During training, doctors work in groups and give presentations to teachers about the patient's medical problems and the recommended approach to treatment. “You stumble over your words. You're missing something. You're ruining everything. You black out,” Bynum said. And then, he says, shame creeps in, leading to other debilitating thoughts such as: “I’m not good at this. I'm an idiot. Everyone around me would have done it much better.”
Still, shame remains “a crack in your armor that you don't want to show,” he said. Carly Pippittfamily physician at the University of Utah, who taught medical students about the possibility of shame as part of a broader course on ethics and the humanities.
“You care about human life,” she said. “Heaven forbid you behave as if you are not capable of anything, or show fear.”
Stop the Shame Cycle
The goal of teaching students about shame is to help future doctors recognize emotions in themselves and others so they don't perpetuate the cycle, Pippitt said. “If you've felt shame throughout your medical education, it becomes normalized as an experience,” she said.
Above all, trainee doctors can rethink their thinking when they receive a bad evaluation or have difficulty mastering a new skill, says Woodward, the California-based psychiatrist.
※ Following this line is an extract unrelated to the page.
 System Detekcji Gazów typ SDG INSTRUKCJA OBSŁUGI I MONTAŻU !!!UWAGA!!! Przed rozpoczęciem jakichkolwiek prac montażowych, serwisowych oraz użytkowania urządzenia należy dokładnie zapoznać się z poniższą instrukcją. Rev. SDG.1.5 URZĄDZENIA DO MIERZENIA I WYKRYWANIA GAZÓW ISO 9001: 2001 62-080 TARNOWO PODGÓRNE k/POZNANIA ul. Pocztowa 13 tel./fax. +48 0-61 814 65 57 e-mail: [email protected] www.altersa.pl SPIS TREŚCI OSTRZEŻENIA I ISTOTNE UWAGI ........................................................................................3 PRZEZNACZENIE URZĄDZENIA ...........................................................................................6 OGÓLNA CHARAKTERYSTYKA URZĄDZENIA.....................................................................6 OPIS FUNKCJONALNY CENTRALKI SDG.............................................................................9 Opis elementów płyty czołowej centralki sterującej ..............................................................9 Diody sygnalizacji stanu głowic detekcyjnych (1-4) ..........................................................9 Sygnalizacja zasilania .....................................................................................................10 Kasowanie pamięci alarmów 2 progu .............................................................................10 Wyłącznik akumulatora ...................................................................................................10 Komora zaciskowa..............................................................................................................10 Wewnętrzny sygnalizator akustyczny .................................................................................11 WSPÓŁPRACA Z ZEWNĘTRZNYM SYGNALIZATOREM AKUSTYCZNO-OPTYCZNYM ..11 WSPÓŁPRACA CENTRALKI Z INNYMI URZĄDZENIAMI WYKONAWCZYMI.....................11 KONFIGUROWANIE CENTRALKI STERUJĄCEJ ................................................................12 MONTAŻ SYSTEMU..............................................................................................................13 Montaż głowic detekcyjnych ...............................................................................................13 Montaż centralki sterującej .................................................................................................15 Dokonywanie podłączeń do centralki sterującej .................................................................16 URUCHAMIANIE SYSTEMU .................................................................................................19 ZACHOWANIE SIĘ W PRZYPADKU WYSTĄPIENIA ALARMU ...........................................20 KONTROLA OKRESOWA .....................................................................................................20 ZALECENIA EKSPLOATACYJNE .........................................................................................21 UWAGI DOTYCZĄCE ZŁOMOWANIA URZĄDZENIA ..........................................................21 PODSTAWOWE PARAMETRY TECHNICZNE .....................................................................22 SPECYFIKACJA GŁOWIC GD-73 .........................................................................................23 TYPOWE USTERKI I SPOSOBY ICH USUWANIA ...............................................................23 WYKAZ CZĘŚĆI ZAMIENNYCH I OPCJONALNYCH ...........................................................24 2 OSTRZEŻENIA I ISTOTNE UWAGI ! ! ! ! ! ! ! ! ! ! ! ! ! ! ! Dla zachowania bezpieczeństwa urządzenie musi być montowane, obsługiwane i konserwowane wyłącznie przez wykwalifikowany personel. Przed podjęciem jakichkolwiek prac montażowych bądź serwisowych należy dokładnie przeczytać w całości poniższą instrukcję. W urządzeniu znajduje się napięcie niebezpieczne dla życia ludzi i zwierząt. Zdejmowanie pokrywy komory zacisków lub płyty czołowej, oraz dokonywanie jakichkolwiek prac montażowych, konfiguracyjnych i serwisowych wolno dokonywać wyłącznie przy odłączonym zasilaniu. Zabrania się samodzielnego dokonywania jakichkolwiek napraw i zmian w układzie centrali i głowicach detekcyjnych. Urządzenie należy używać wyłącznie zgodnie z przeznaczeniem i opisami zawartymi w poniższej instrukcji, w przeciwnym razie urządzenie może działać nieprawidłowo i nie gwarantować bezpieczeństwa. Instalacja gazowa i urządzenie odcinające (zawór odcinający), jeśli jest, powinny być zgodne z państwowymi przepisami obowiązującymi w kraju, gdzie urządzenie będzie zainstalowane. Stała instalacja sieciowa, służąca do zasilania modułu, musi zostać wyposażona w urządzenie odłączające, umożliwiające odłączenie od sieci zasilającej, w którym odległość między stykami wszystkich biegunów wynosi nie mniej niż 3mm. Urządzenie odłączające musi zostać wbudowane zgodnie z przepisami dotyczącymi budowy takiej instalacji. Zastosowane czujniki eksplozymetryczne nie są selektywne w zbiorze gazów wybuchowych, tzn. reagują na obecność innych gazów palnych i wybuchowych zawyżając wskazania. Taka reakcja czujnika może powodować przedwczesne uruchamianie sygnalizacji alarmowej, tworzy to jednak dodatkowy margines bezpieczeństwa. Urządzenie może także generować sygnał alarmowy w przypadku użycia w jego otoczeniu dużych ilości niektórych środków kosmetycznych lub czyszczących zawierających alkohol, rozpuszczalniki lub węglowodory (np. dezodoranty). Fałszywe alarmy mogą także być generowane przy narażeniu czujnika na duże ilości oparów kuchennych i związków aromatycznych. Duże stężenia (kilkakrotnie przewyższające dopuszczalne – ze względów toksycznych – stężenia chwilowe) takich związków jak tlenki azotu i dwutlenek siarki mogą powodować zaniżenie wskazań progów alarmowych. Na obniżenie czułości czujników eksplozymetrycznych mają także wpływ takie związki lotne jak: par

Instead of believing that they failed as a physician, they can focus on where they went wrong and ways to improve.
Last year, Bynum began training Duke doctors in shaming skills, starting with about 20 OB-GYNs. This year he launched a larger initiative involving Laboratory of Shamea research and teaching partnership between Duke University and the University of Exeter in England, which he co-founded, to reach about 300 people in Duke's Department of Family Medicine and Public Health, including faculty and resident physicians.
This type of training is rare among Duke OB/GYNs. Kanice Dancelpeers in other programs. Having completed his training, Dancel now aims to support students in learning skills such as suturing. She hopes they will repay this approach with “a chain reaction of kindness to each other.”
More than a decade after Bynum experienced that stressful emergency birth, he still regrets that shame prevented him from visiting his mother as he usually did after the birth. “I was too afraid of how she would react to me,” he said.
“It was a little hurtful,” he said when a colleague later told him his mother would like him to come over. “She gave me a message to thank me for saving her child’s life. If I just gave myself a chance to hear that, it would really help me heal and be forgiven.”